Minhas Mães e Meu Pai


É notável no cinema contemporâneo certa desvirtuação de valores quando se discute o multifacetado universo do “cinema independente”. Antes, pode-se dizer que talvez fosse o único método para um novato aspirante a cineasta expor seus dotes artísticos, mas havia também aqueles renomados auteurs radicais que reprovavam qualquer intervenção dos estúdios no conteúdo de seus filmes, e optavam pela fidelização de seus sentimentos com obras que os próprios pudessem financiar. Além das qualidades básicas que caracterizam esse tipo de expressão à margem da indústria, como o desvinculo com grandes produtoras e os baixos orçamentos, o cinema indie ganhou nova roupagem, fixando uma noção de identidade própria, que muitas vezes viabilizam filmes memoráveis, mas tantas outras acaba sendo um boicote à originalidade. Não dá pra negar que, nos últimos anos, o cinema independente parece ter criado uma cartilha com elementos peculiares (e inconvenientes) que recheiam uma parcela considerável dos filmes lançados e que, mal saíram do forno, recebem – pela mídia, principalmente – o carimbo de “alternativo” na certidão de registro. Alternativo uma ova! Isso só no nome, porque não passam de estereótipos e clichés criados dentro de casa, que destroem com qualquer conceito de “liberdade” e “independência” que tanto esses artistas tentam pregar. Infelizmente, este é o caso do supervalorizado “Minhas Mães e Meu Pai”, um indie sem autenticidade que não sai de sua área de conforto concebida por essa “mini-indústria”, que como o mercadão hollywoodiano, também reserva graves limitações.

O roteiro, escrito pela também diretora Lisa Cholodenko ao lado de Stuart Blumberg (“Show de Vizinha”), se concentra na família encabeçada pelo casal homossexual formado pela médica Nic (Bening) e a arquiteta paisagista Jules (Moore). Mães de filhos adolescentes, a relação entre os membros é agradável e a paz reina na casa da família até o momento em que o filho mais novo, Laser (Hutcherson), convence sua irmã de 18, Joni (Wasikowska), a telefonar para o Centro de Fertilidade e coletar informações sobre seu pai biológico.

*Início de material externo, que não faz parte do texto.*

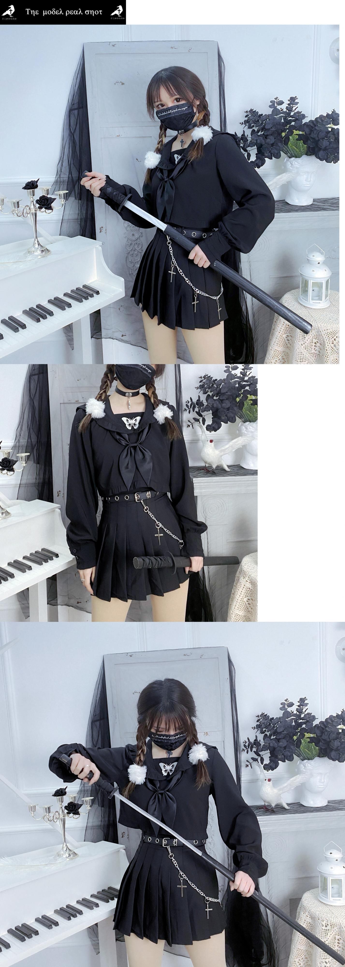 色:黒帯シングルベルト,黒帯+プリーツスカート,黒のロングスカート+ベルト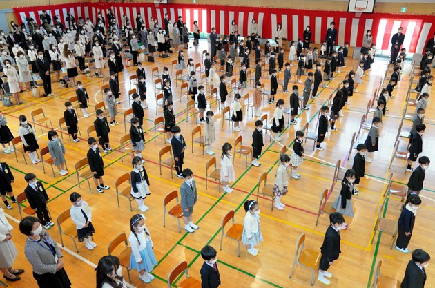 在新冠肺炎疫情在日本不断扩大的时刻,位于横滨市绿区的市立中山小学于6日举行了入学仪式,106名一年级新生戴着口罩走进了校门。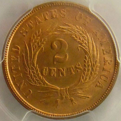 Right: 1864 Two Cent Piece (Large Motto), PCGS MS65RD with CAC sticker.

Então, entra na história o descontraído Paul (Ruffalo), que se torna uma visita constante na casa da família, o que desenfreia uma crise de ciúmes e desestabiliza o ambiente outrora pacífico do lar.

Talvez o aspecto mais frustrante de “Minhas Mães e Meu Pai” é perceber que o plot do filme renderia uma produção com muito potencial; entretanto a opção de Cholodenko por navegar em mares calmos, utilizando como muleta os conceitos pré-estabelecidos pelo cinema independente norte-americano, fez nascer uma das maiores decepções do ano – não que o filme seja excepcionalmente ruim, mas só ficou na promessa. Dotado de um roteiro absurdamente enferrujado, mais do que intenções artísticas, aparentemente o que a diretora – homossexual assumida – pretende com este filme é mostrar que gays têm dois olhos, uma boca, duas orelhas e um nariz. Em outras palavras, também são pessoas responsáveis, amorosas, com sentimentos e intelectualmente capazes de manter um trabalho e conciliá-lo com uma família perfeita. O tratamento convencional que recebe destoa de uma exigência mais atenta, comprometida e menos óbvia, pois “Minhas Mães e Meu Pai” é sustentado por um emaranhado de convenções que permeia na história.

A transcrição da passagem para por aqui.